- **Try it**
Only the text of the entries below should appear in your exact transcription; leave out every picture.

Stored data entries:
------
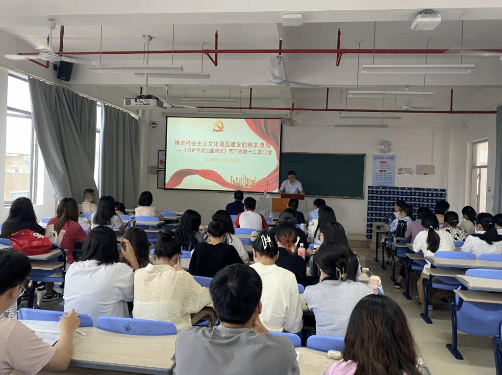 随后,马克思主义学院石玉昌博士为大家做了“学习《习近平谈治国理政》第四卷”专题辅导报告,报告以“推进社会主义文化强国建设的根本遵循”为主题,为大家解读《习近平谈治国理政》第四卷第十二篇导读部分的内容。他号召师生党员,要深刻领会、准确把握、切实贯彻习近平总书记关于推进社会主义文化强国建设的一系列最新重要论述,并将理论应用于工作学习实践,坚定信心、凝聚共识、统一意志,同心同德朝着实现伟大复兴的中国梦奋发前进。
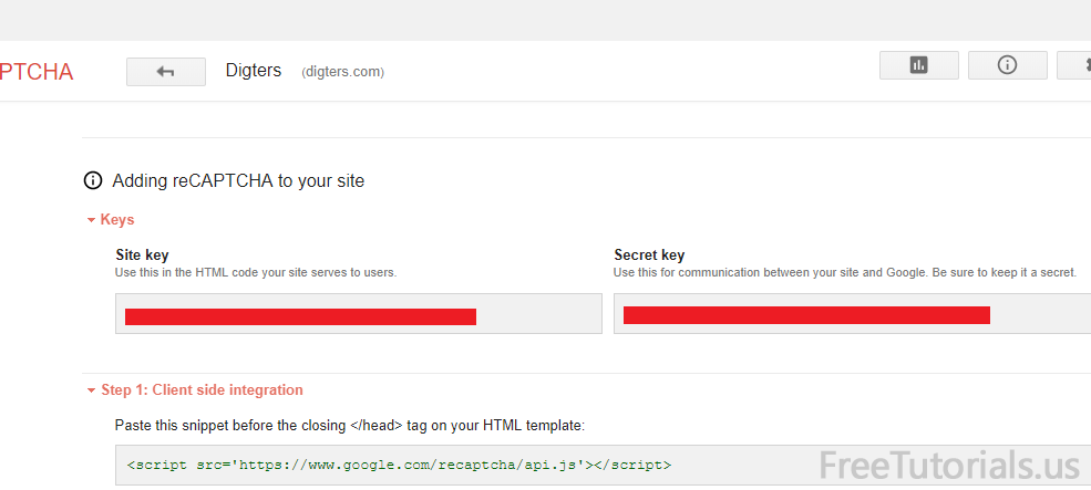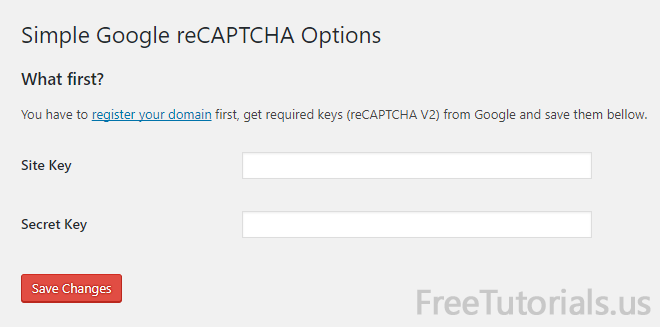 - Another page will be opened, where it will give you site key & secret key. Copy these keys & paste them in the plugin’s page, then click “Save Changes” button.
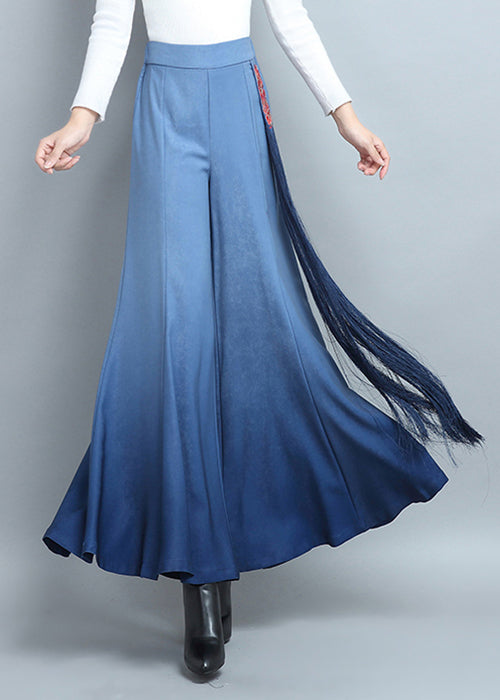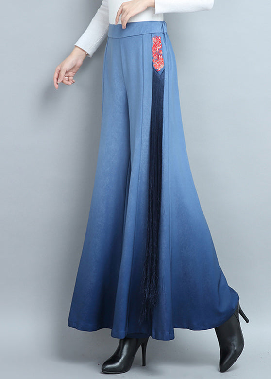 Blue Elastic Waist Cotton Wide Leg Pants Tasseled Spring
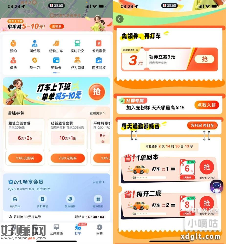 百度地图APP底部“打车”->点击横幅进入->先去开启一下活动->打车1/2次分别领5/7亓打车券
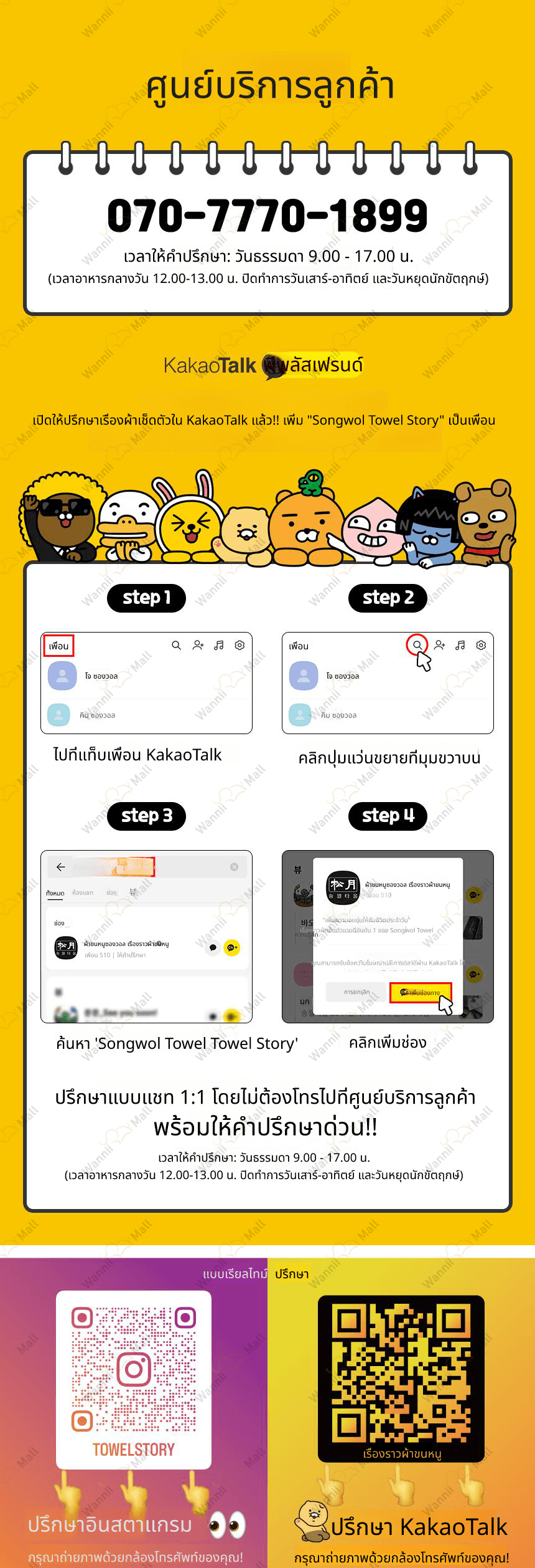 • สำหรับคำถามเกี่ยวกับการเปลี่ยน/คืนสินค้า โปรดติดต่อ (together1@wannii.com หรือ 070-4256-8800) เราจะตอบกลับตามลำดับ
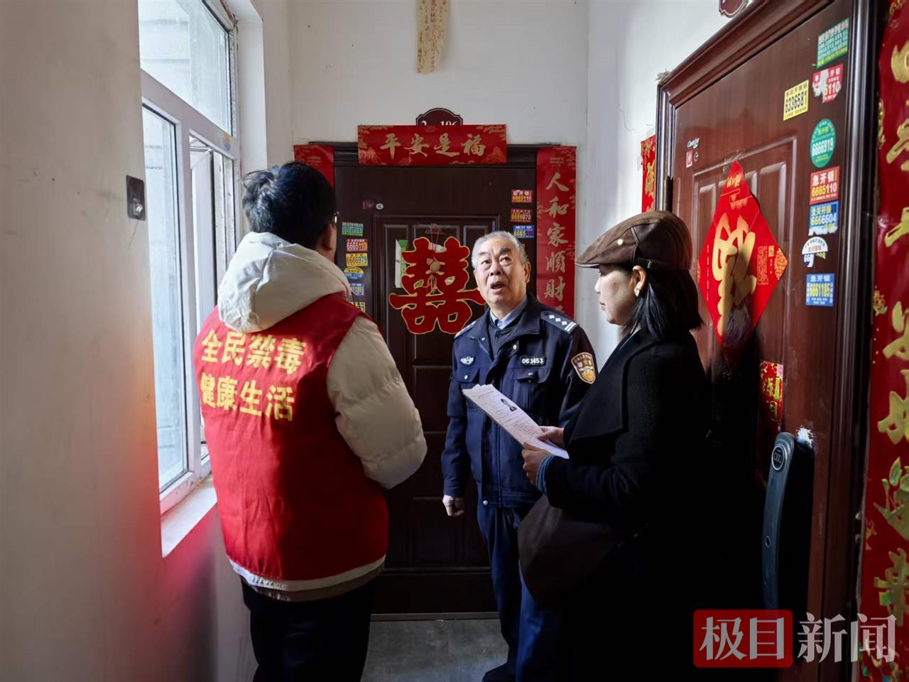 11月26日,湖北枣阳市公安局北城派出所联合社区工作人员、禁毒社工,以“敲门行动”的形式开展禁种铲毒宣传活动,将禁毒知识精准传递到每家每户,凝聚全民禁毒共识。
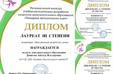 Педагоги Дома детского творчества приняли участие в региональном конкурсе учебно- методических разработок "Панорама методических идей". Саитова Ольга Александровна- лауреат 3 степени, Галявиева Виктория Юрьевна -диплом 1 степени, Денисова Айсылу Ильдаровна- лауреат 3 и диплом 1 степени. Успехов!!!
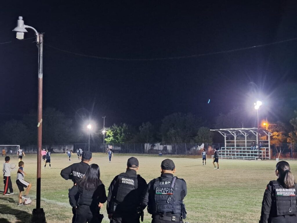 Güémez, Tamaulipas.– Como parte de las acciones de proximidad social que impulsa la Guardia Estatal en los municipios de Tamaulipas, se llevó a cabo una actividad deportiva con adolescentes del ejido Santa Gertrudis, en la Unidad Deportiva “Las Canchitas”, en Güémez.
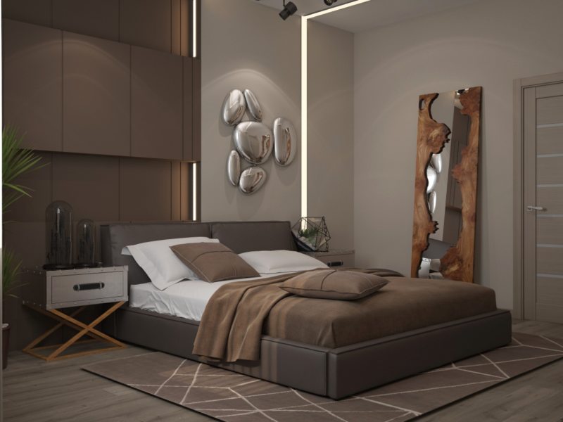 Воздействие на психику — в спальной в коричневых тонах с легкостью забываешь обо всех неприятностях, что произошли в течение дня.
------
- **Solution for this problem**
 随后,马克思主义学院石玉昌博士为大家做了“学习《习近平谈治国理政》第四卷”专题辅导报告,报告以“推进社会主义文化强国建设的根本遵循”为主题,为大家解读《习近平谈治国理政》第四卷第十二篇导读部分的内容。他号召师生党员,要深刻领会、准确把握、切实贯彻习近平总书记关于推进社会主义文化强国建设的一系列最新重要论述,并将理论应用于工作学习实践,坚定信心、凝聚共识、统一意志,同心同德朝着实现伟大复兴的中国梦奋发前进。
 - Another page will be opened, where it will give you site key & secret key. Copy these keys & paste them in the plugin’s page, then click “Save Changes” button.
 Blue Elastic Waist Cotton Wide Leg Pants Tasseled Spring
 百度地图APP底部“打车”->点击横幅进入->先去开启一下活动->打车1/2次分别领5/7亓打车券
 • สำหรับคำถามเกี่ยวกับการเปลี่ยน/คืนสินค้า โปรดติดต่อ (together1@wannii.com หรือ 070-4256-8800) เราจะตอบกลับตามลำดับ
 11月26日,湖北枣阳市公安局北城派出所联合社区工作人员、禁毒社工,以“敲门行动”的形式开展禁种铲毒宣传活动,将禁毒知识精准传递到每家每户,凝聚全民禁毒共识。
 Педагоги Дома детского творчества приняли участие в региональном конкурсе учебно- методических разработок "Панорама методических идей". Саитова Ольга Александровна- лауреат 3 степени, Галявиева Виктория Юрьевна -диплом 1 степени, Денисова Айсылу Ильдаровна- лауреат 3 и диплом 1 степени. Успехов!!!
 Güémez, Tamaulipas.– Como parte de las acciones de proximidad social que impulsa la Guardia Estatal en los municipios de Tamaulipas, se llevó a cabo una actividad deportiva con adolescentes del ejido Santa Gertrudis, en la Unidad Deportiva “Las Canchitas”, en Güémez.
 Воздействие на психику — в спальной в коричневых тонах с легкостью забываешь обо всех неприятностях, что произошли в течение дня.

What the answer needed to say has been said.